Ie once a FSBO breaks down and takes an ERTS what if the the exclusive agent with right to sell after weeks and weeks doesn't bring any better offer and then the FSBO decides to go with an offer made right before the ERTS, the agent is still likely to claim they spent so much on marketing and such and so now want at least part of the commission per later agreement, when in reality the ERTS agent did not perform at all - just wasted his clients time- and the FSBO performed better without agent and now has to deal with possibly being held liable for agent's marketing expenses etc when agent delivered nothin but crap.
I see your point. If you have an offer on the table, take it - especially when you are a seasoned investor. The problem is 80% of the agents don't have the education or market knowledge to provide the value. Once a property hits the MLS, Realtors are not supposed to solicit the listing. It's against the Realtor Code of Ethics and they can even lose access to the MLS. Even if the property is a limited service or entry only, it still counts.
The bait and switch drives me crazy as well. "I have a buyer ready..." 9 times out of 10 there is no buyer. IMO, if are honest and provide a valuable service then you will have work. If you bait and switch, use sketchy tactics, or try to lock someone in to agreement that is not mutually beneficial, then you shouldn't be in business to begin with.

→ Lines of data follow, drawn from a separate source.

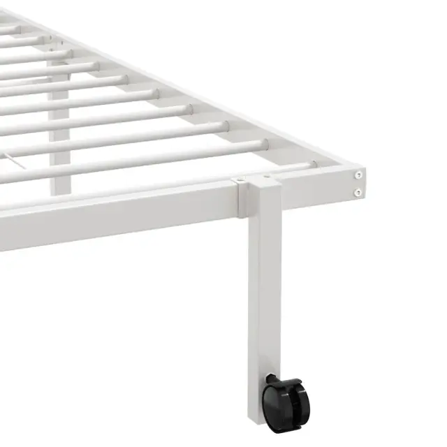 Če iščete trpežen posteljni okvir za svojo spalnico, je ta posteljni okvir z elegantno in brezčasno obliko popolna izbira za vas! Robustna konstrukcija: Okvir postelje je izdelan iz jekla, zelo trpežnega in močnega materiala, ki zagotavlja izjemno robustnost in stabilnost.Kovinski podstavek in noge z letvami: Kovinski posteljni okvir je opremljen z letvenim dnom in sredinskimi nogami, ki ležišču zagotavljajo potrebno podporo in zračnost.Zložljiva zasnova: Ta posteljni okvir je zaradi svoje zložljive zasnove zlahka zložljiv in ga je mogoče shraniti v kompaktne prostore, ko ga ne uporabljate, zato je idealen za majhne sobe ali tesne prostore.Enostavno premikanje: Ta posteljni okvir je opremljen s štirimi kolesi, ki omogočajo enostavno premikanje na poljubno lokacijo.Dodaten prostor za shranjevanje: Za vaše udobje je pod posteljo na voljo dodaten prostor za shranjevanje, ki omogoča, da se škatle za shranjevanje ne vidijo. Dobro je vedeti:Vzmetnica ni priložena tej postelji. Ponujamo različno izbiro ležišč. V naši trgovini si lahko ogledate ustrezne vzmetnice.Barva: BelaMaterial: JekloCelotne mere: 225 x 111,5 x 30 cm (d x š x v)Zložljive dimenzije: 111,5 x 30 x 107 cm (D x Š x V)Primerna velikost vzmetnice: 107 x 203 cm (Š x D) (vzmetnica ni priložena)Potrebno sestavljanje: Da
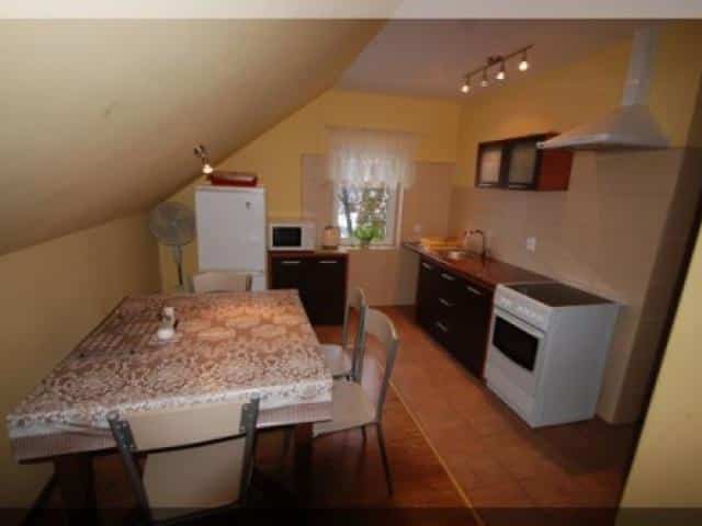 – W pełni wyposażoną kuchnię z aneksem śniadaniowo-kolacyjnym (lodówka, zamrażarka, piec z płytą ceramiczną, kuchenka mikrofalowa i inne),
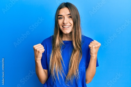 © Krakenimages.com, Fototapeta premium Young hispanic woman wearing casual clothes celebrating surprised and amazed for success with arms raised and open eyes. winner concept.
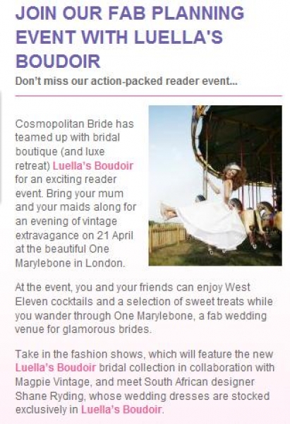 Cosmopolitan Bride has teamed up with bridal boutique Luella’s Boudoir for an exciting reader event. Come along for an evening of vintage extravagance on 21 April at the beautiful One Marylebone in London where you will be able to discuss how Beyond Weddings' interior design expertise can tranform your home as an alternative to traditional wedding gifts.
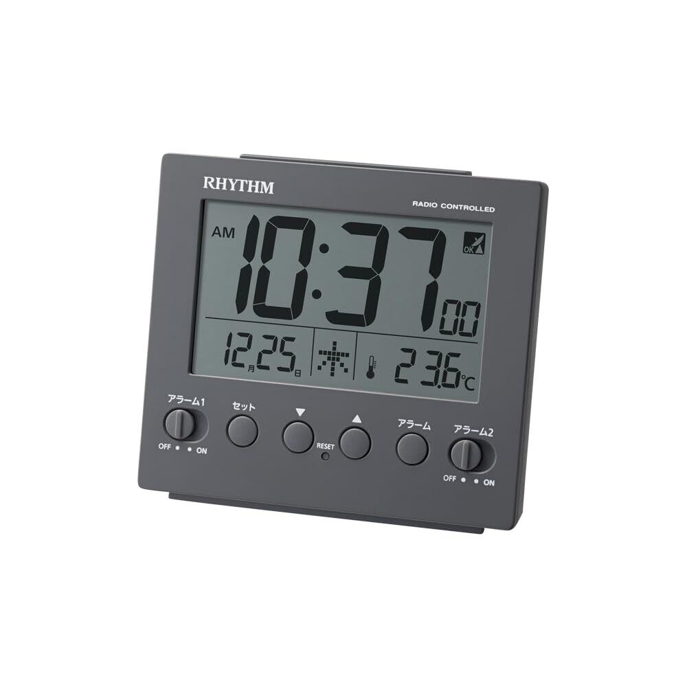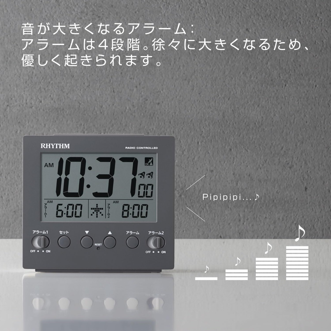 【2022最新】リズム(RHYTHM) 目覚まし時計 電波時計 デジタル 電子音 ダブル アラーム (スヌーズ 付) 温度計 ライト カレンダー ダークグレー 9.1×10×4.5cm フィットウェーブ D236 8RZ236SR82 | allstore3
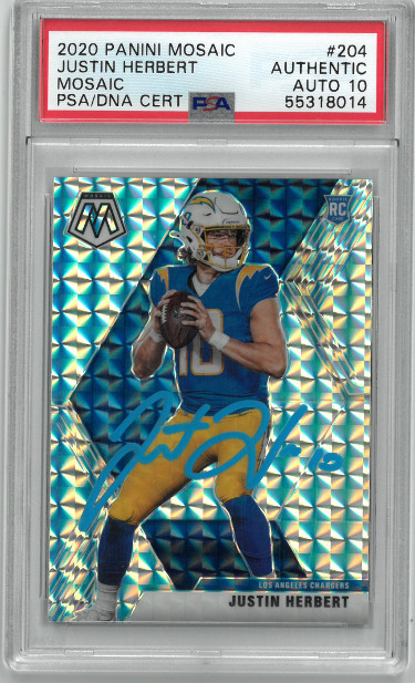 Justin Herbert signed 2020 Panini Mosiac Rookie Card (RC) #204- PSA Graded 10 Authentic Auto (Los Angeles Chargers) - Football Slabbed Autographed Rookie Cards
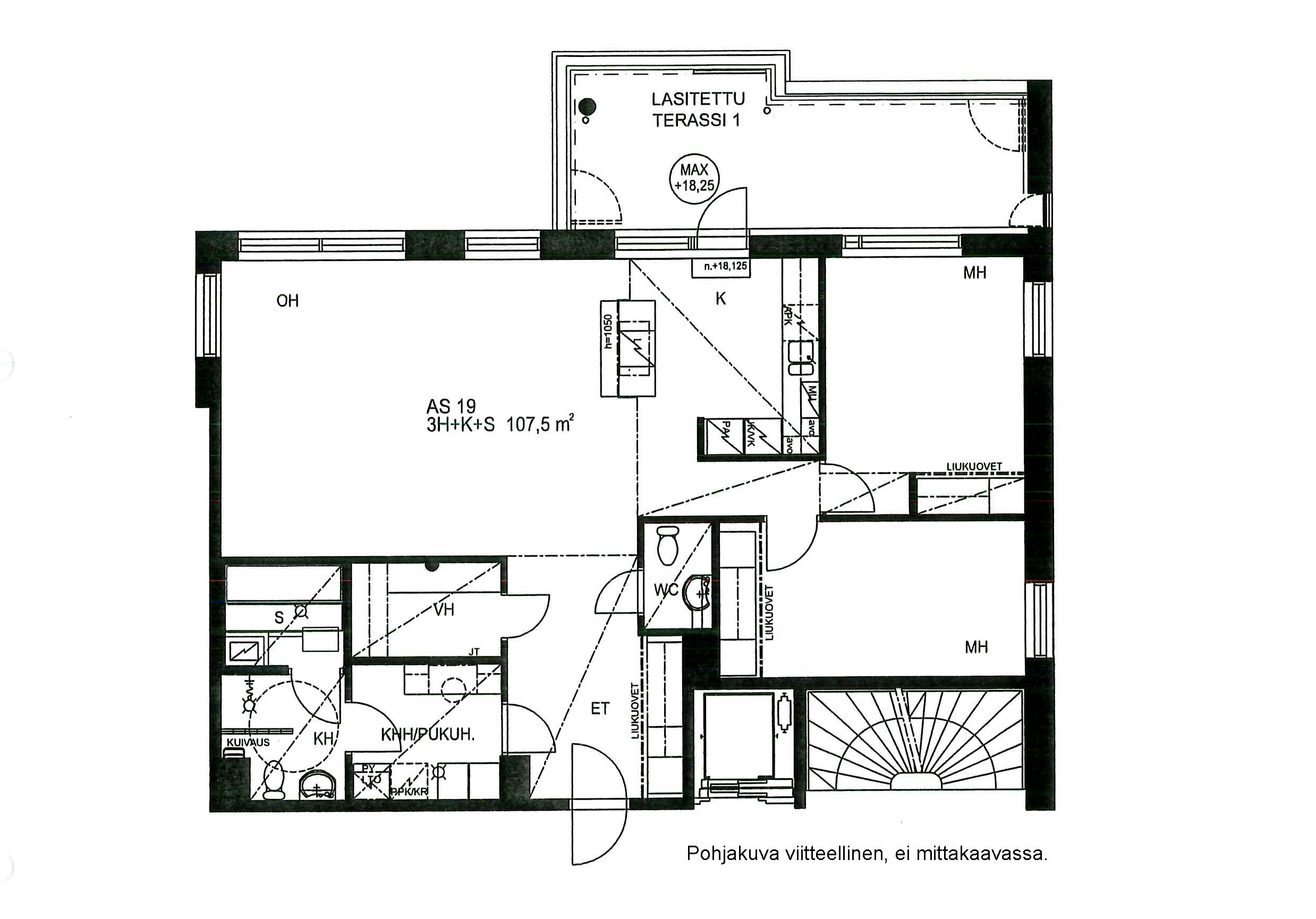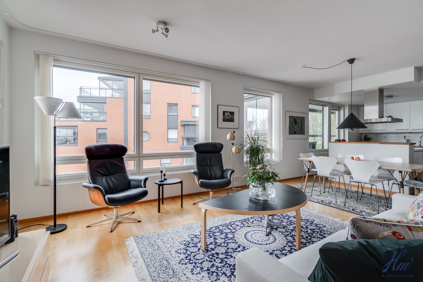 Sisätiloissa korostuu avaruus ja valoisuus. Huoneiston viilennysjärjestelmä huolehtii asunnon viileydestä myös hellepäivinä. Olohuoneen ja keittiön muodostama avoin tila luo yhteisöllisen tunnelman, joka on ihanteellinen niin arjen askareisiin kuin viihdyttämiseenkin. Kodin kruunaa oma sauna, jossa voit rentoutua päivän päätteeksi. Lisäksi huoneistossa on kodinhoitohuone, joka helpottaa arjen pyörittämistä sekä erillinen wc.
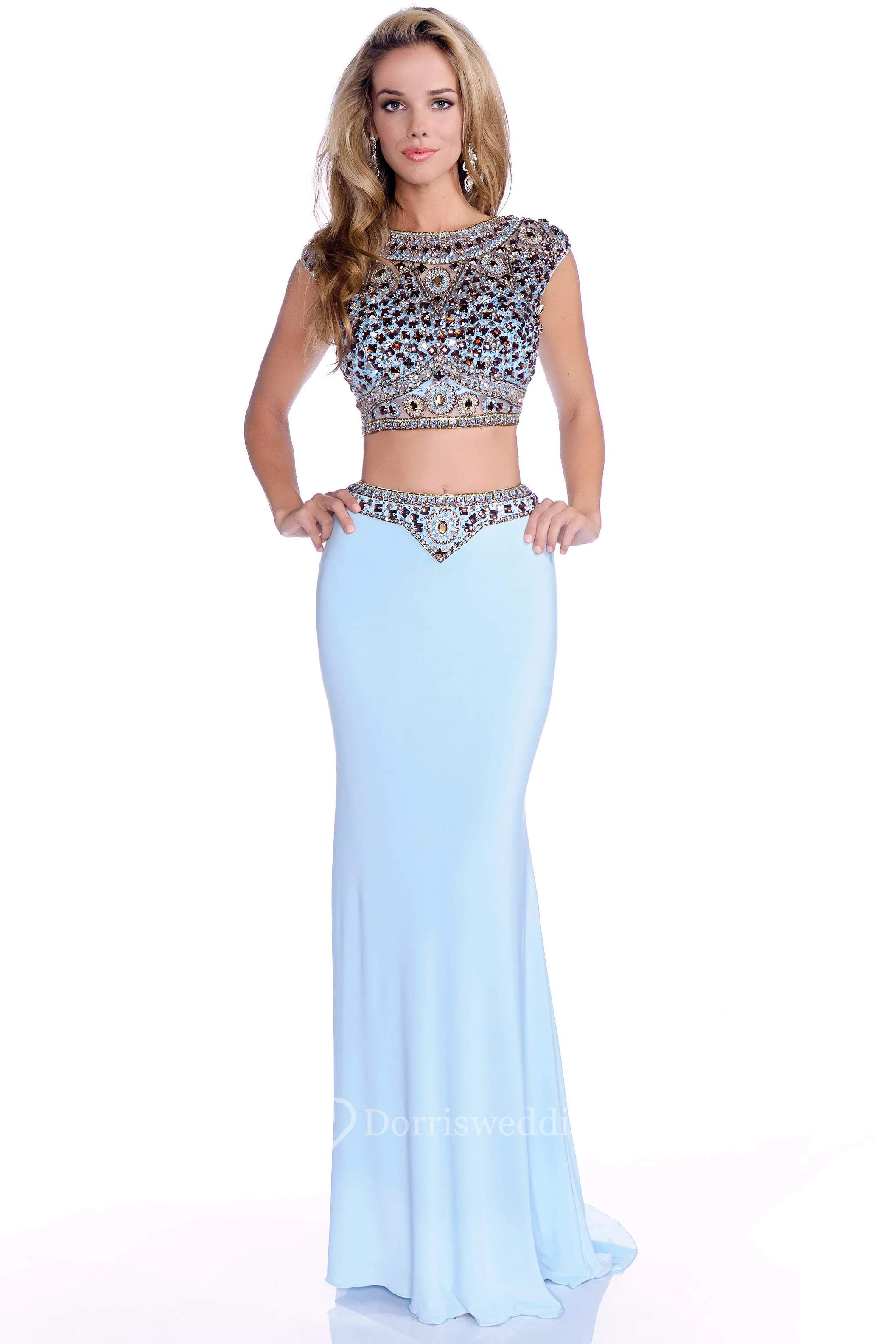 Sheath Cap Sleeve Crop Top Jersey Prom Dress With Jeweled Bodice
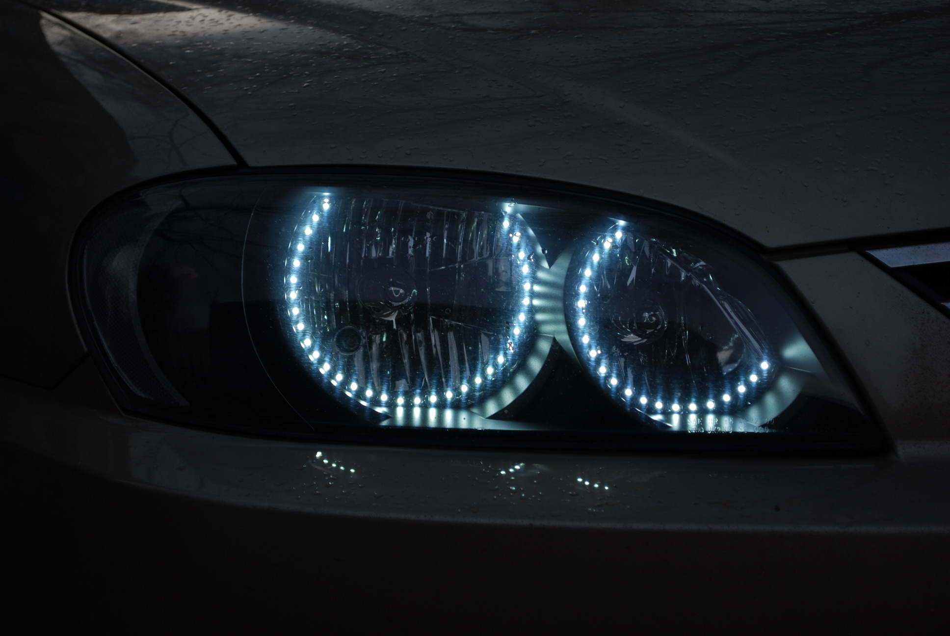 Для этого надо вырезать кольца по форме фары, я вырезал из полистирола, присобачить на неё светодиоды, резисторы, спаять их между собой, покрасить всё это дело приклеить кольца на пластиковую вставку, что внутри фары и вывести провода для подключения. Подключать к эл. системе авто через резистор или стабилизатор напряжения, потому что диодные сборки на 12В, а в авто 14,4В. Вот, вкратце, как-то так.

Your last example, where the FSBO had an offer then decided to go ERTS with the agent not producing sounds flawed. Either the seller should have taken the offer to begin with and move on, or the property is not marketed correctly, or the agent took an overpriced listing and should have told you to take the offer you had. The agents should be honest up front. If you have a good offer, then take it. On the other hand, if the FSBO agrees to employ the agent, he/she should stick to the agreement. His/her choices are to either take the first offer, continue to market the property on his/her own, or hire the agent.
I sell commercial real estate. I want the relationship with my clients. They are not getting my time unless they commit to me.
It's every right for an investor to contact umpteen brokers/agents and say if you bring me something I will compensate you. It's also very easy to try to screw the broker/agent over and the seller say they generated the buyer to get out of paying a commission.
It's my business and I can dictate what clients I choose to work with. I have earned that right over the years. I am an investor myself so I see all angles.
My best clients get to look at the deals first and decide if they want them or not. On listing I would only do ERTS. You really need an inexperienced agent with little to no business wanting to go after anything else. Some experienced investors do not want brokers/agents. They want gophers to do their bidding on the cheap. People that are highly successful do not need or want to do such things.
If there is a property that I know is a great fit for my regular buyers I will take a look at it, report my findings and make write offer for them.
Other than that situation exclusive right to sell is the only way I will take a listing.